Nucleus sorting for Smart-seq2

The nuclear suspension was stained using the Vybrant DyeCycle Ruby Stain (cat. no. V10309, Thermo Fisher Scientific) immediately before FACS. Single-nucleus sorting was performed on a FACSAria Fusion Sorter (Becton Dickinson) using a 640-nm laser (Ruby, 670/14 filter) (Extended Data Fig. 2d). After doublet discrimination, intact nuclei were selected with ruby+ and were sorted into 96-well plates containing TCL buffer (cat. no. 1031576, QIAGEN) with 1% 2-mercaptoethanol (cat. no. M6250, Sigma-Aldrich). Plates were frozen on dry ice immediately after sorting and stored at −80 °C before whole-transcriptome amplification, library preparation and sequencing.

Smart-seq2

Whole-transcriptome amplification, library construction and sequencing were performed as previously published with slight modification for the nucleus as follows4,19. Briefly, on 96-well plates, RNA derived from single nuclei was first purified with Agencourt RNAClean XP beads (cat. no. A66514, Beckman Coulter). Then, Oligo(dT)-primed reverse transcription was performed using Maxima H Minus Reverse Transcriptase (cat. no. EP0753, Thermo Fisher Scientific) and locked TSO oligonucleotide (5′-AAGCAGTGGTATCAACGCAGAGTACATrGrG+G-3′, QIAGEN). This was followed by PCR amplification (22 cycles for snRNA-seq) using the KAPA HiFi HotStart ReadyMix (cat. no. K2602, KAPA Biosystems) with subsequent Agencourt AMPure XP Bead (cat. no. A63882, Beckman Coulter) purification. Libraries were tagmented using the Nextera XT Library Prep Kit (cat. no. FC-131-1096, Illumina) with custom barcode adapters. Libraries from 768 cells with unique barcodes were pooled and sequenced on a NextSeq 500 or NovaSeq 6000 sequencer (Illumina), with paired-end 38 bp reads.

WES

WES for the samples from Duke University, the MD Anderson Cancer Center, Tokyo University Hospital and St. Michael’s Hospital was performed as follows. DNA was extracted from each frozen tumor sample and blood samples corresponding to the patients using the DNeasy Blood & Tissue Kit (cat. no. 69504, QIAGEN). Genomic DNA (100–250 ng) was acoustically sheared using an ultrasonicator (Covaris), targeting 150-bp fragments. Library preparation was performed using the KAPA HyperPrep Kit (cat. no. KK8504, KAPA Biosystems) followed by enzymatic cleanup using AMPure XP beads. Exome capture was performed using a custom exome bait (manufactured by Twist Bioscience to Broad Institute’s specifications). Captured libraries were sequenced with 150 bp paired-end sequencing on a NovaSeq 6000. For the samples from Pitié-Salpêtrière Hospital, after DNA was fragmented by a LE220 ultrasonicator (Covaris) and size-selected, library preparation and capture were performed using Twist Human Core Exome kit (Twist Bioscience) according to manufacturer’s protocol. Sequencing was performed on a NovaSeq 6000, with 200-bp paired-end sequencing.

WGS

Newly generated whole-genome DNA sequencing data were collected for a cohort of frozen samples from the NORLUX Neuro-oncology Laboratory. Briefly, DNA was extracted from each tumor sample using the AllPrep DNA/RNA Mini Kit (cat. no. 80204, QIAGEN) for samples with sufficient tumor tissue and matched normal blood when it was available. Selected tissue for bulk DNA isolation was adjacent to tissue used for single-nucleus data generation. Briefly, DNA was sheared to 400 bp using an LE220 ultrasonicator (Covaris) and size-selected using AMPure XP beads. Whole-genome libraries were prepared and sequenced with 150 bp paired-end sequencing on a NovaSeq 6000 platform. WGS data for the SNU cohort was prepared in an identical manner and was previously reported in ref. 9. Data for the SNU cohort are available on Synapse (https://www.synapse.org/glass).

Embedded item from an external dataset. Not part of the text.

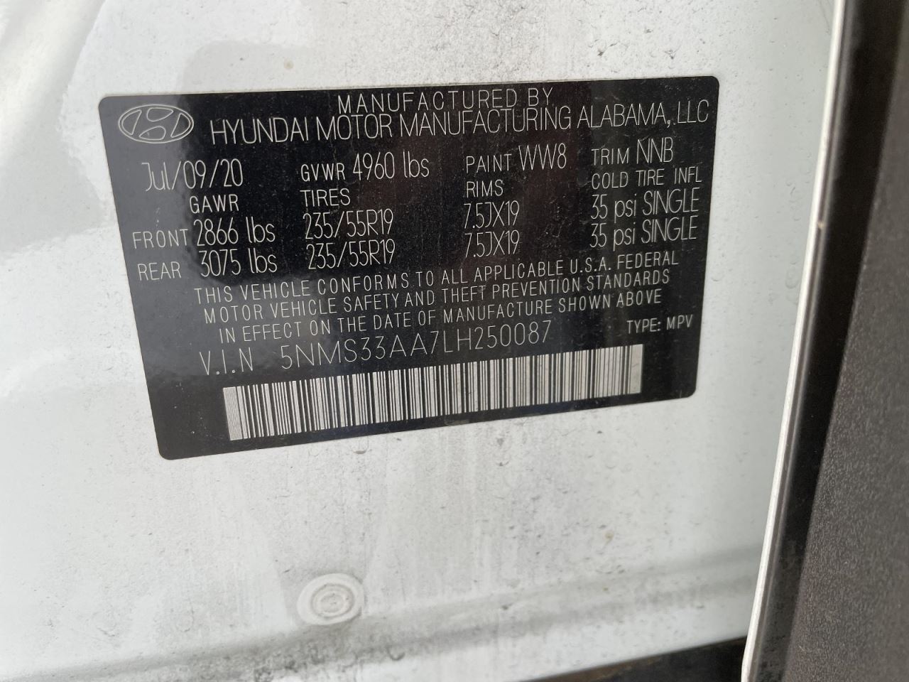 - VIN #: 5NMS33AA7LH250087

Statistics and reproducibility

No statistical method was used to predetermine sample size. All available samples were provided by the aforementioned centers and no data were excluded from the analyses. For figures containing box plots, the box spans from the first to third quartiles, median values are indicated by a horizontal line and the whiskers show 1.5× the interquartile range; individual sample points are presented. The statistical analysis described in this work was done using R v.4.0.1 and above.

Somatic variant detection and copy number calling

DNA sequencing alignment, fingerprinting, somatic variant detection (Mutect2) and copy number segmentation was performed in accordance with the Genome Analysis Toolkit best practices using the Genome Analysis Toolkit v.4.0.10.1, as described previously9,48. Briefly, whole-exome and whole-genome reads were aligned to the b37 genome (human_g1k_v37_decoy) using the Burrows–Wheeler Aligner MEM v.0.7.17. DNA fingerprint analysis using ‘CrosscheckFingerprints’ (Picard) confirmed that all samples belonging to a patient came from the same individual, indicating that there were no sample mismatches in this study. Somatic mutations were detected using Mutect2 (v.4.1.0.0) for tumor samples with a matched normal blood sample. A panel of normals was constructed for each sequencing batch to account for differences in DNA library preparation (for example, whole-genome versus whole-exome) and used to filter out common artifactual and germline variants. Patient tumor samples without matched normal blood were analyzed for copy number alterations but not for SNV detection.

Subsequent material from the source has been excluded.